*** Record excerpts ***
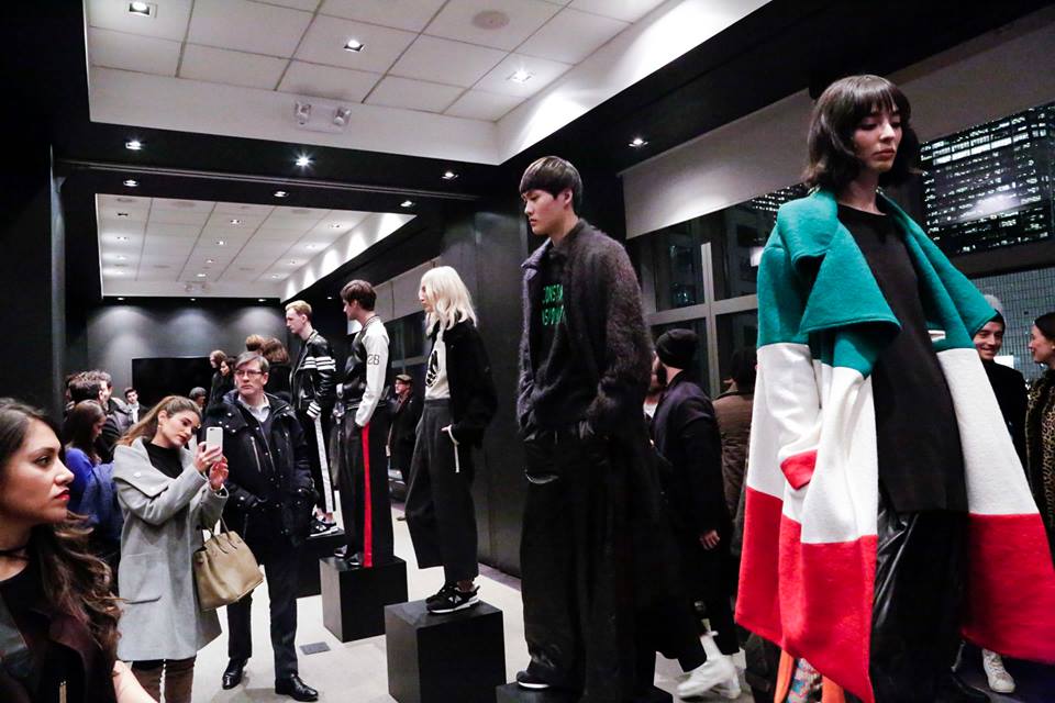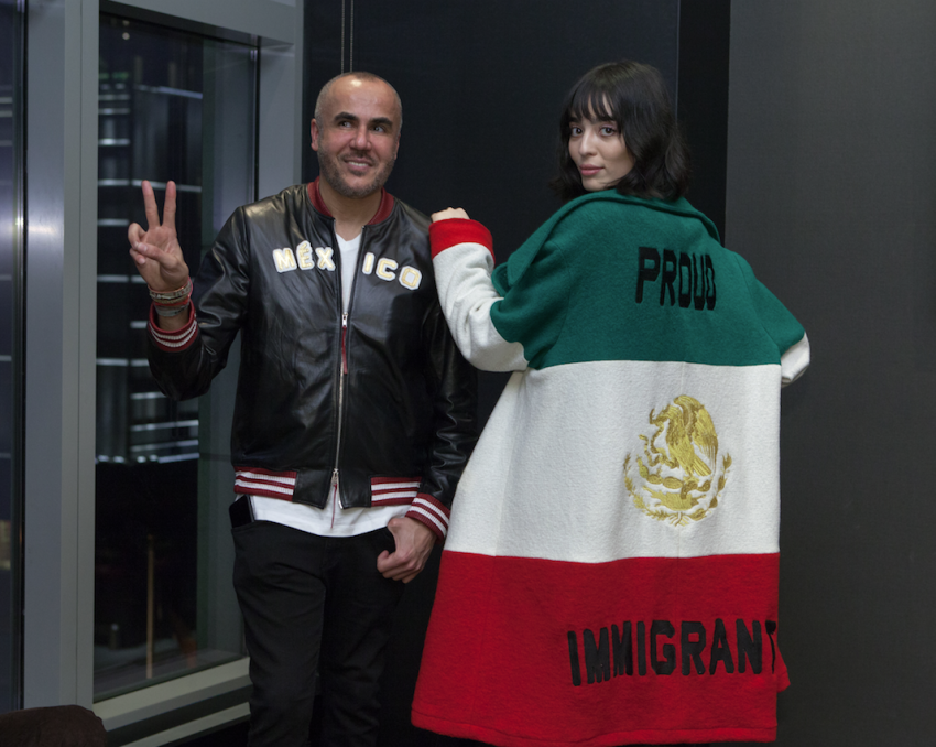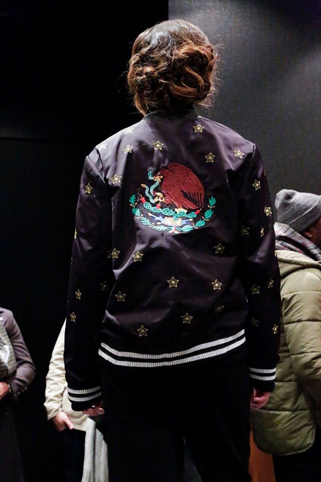 La pieza estelar de la colección es un abrigo largo que en pocas palabras en nuestra bandera hecha prenda. Este abrigo tiene las palabras Proud Immigrant bordadas en las franjas verde y roja.
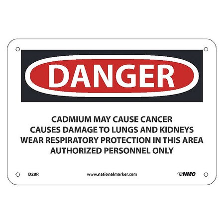 NMC D28R National Marker Danger Cadmium May Cause Cancer Sign, Causes Damage to Lungs and Kidneys Wear Respiratory Protection 7 Inches x 10Inches, Rigid Plastic
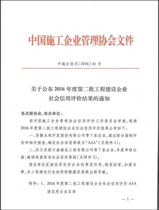 經(jīng)中國(guó)施工企業(yè)管理協(xié)會(huì)信用評(píng)價(jià)工作委員會(huì)審核,安徽水利開(kāi)發(fā)股份有限公司被授予2016年度第二批工程建設(shè)企業(yè)社會(huì)信用評(píng)價(jià)AAA級(jí)信用企業(yè)單位。
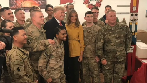 La pareja presidencial viajó "para agradecerles por su servicio, por su éxito y por su sacrificio, y para desearles una Feliz Navidad", informó la vocera de la Casa Blanca, Sarah Sanders.
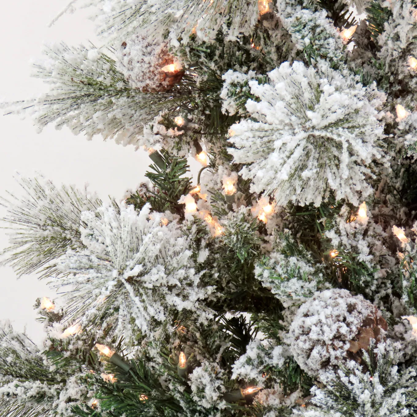 The Snowy Yorkshire tree is a mixed bristle tree that features flocked branches for the look of freshly fallen snow. It is pre-lit with 650 clear lights that remain lit even if a bulb burns out. Crafted with high quality materials and hinged branches for easy set up and includes a sturdy metal folding stand. For indoor display only.
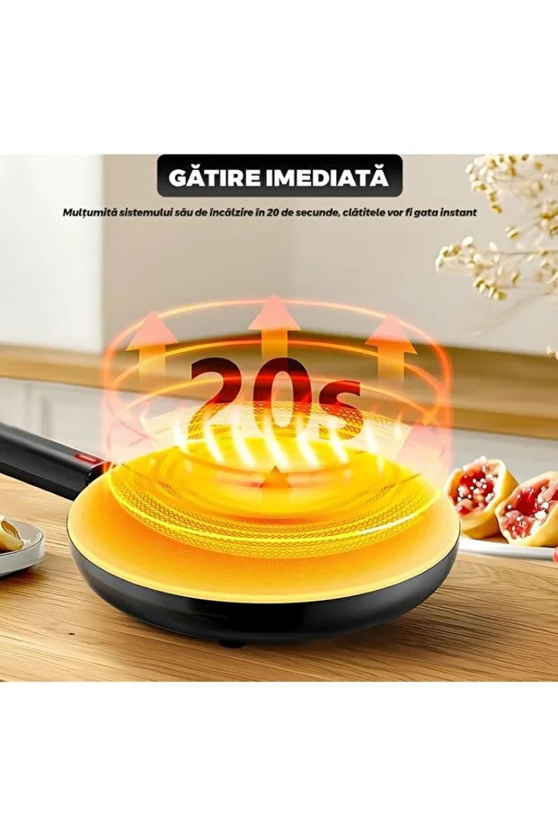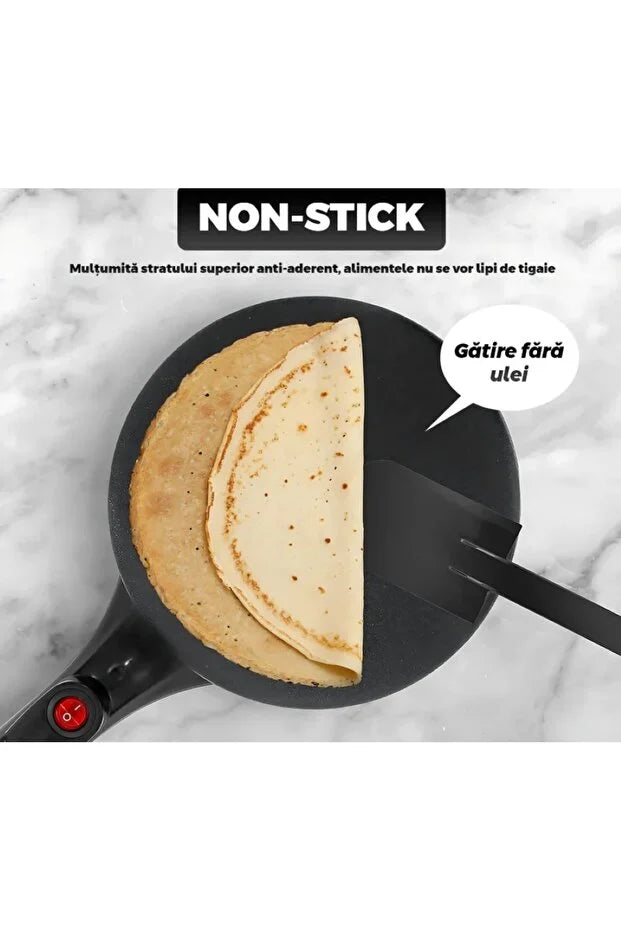 Prepari clătite perfecte în fiecare zi: tigaie electrică cu suprafață mare antiaderentă, funcționează pe 110-220 V, fără ulei și cu maner rezistent – ideală pentru bucătărie modernă.
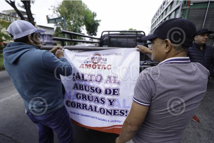 CIUDAD DE MÉXICO, 15FEBRERO2024. - Transportistas integrantes de AMOTAC se manifestaron esta mañana exigiendo mayor seguridad. FOTO: DANIEL AUGUSTO /CUARTOSCURO.COM
*** End of Record excerpts ***
Your assignment
In the listing above, find the line with "經(jīng)中國(guó)" and the line with "La pareja presidencial". Set down both and every line between them, minus the pictures.

Answer space
 經(jīng)中國(guó)施工企業(yè)管理協(xié)會(huì)信用評(píng)價(jià)工作委員會(huì)審核,安徽水利開(kāi)發(fā)股份有限公司被授予2016年度第二批工程建設(shè)企業(yè)社會(huì)信用評(píng)價(jià)AAA級(jí)信用企業(yè)單位。
 La pareja presidencial viajó "para agradecerles por su servicio, por su éxito y por su sacrificio, y para desearles una Feliz Navidad", informó la vocera de la Casa Blanca, Sarah Sanders.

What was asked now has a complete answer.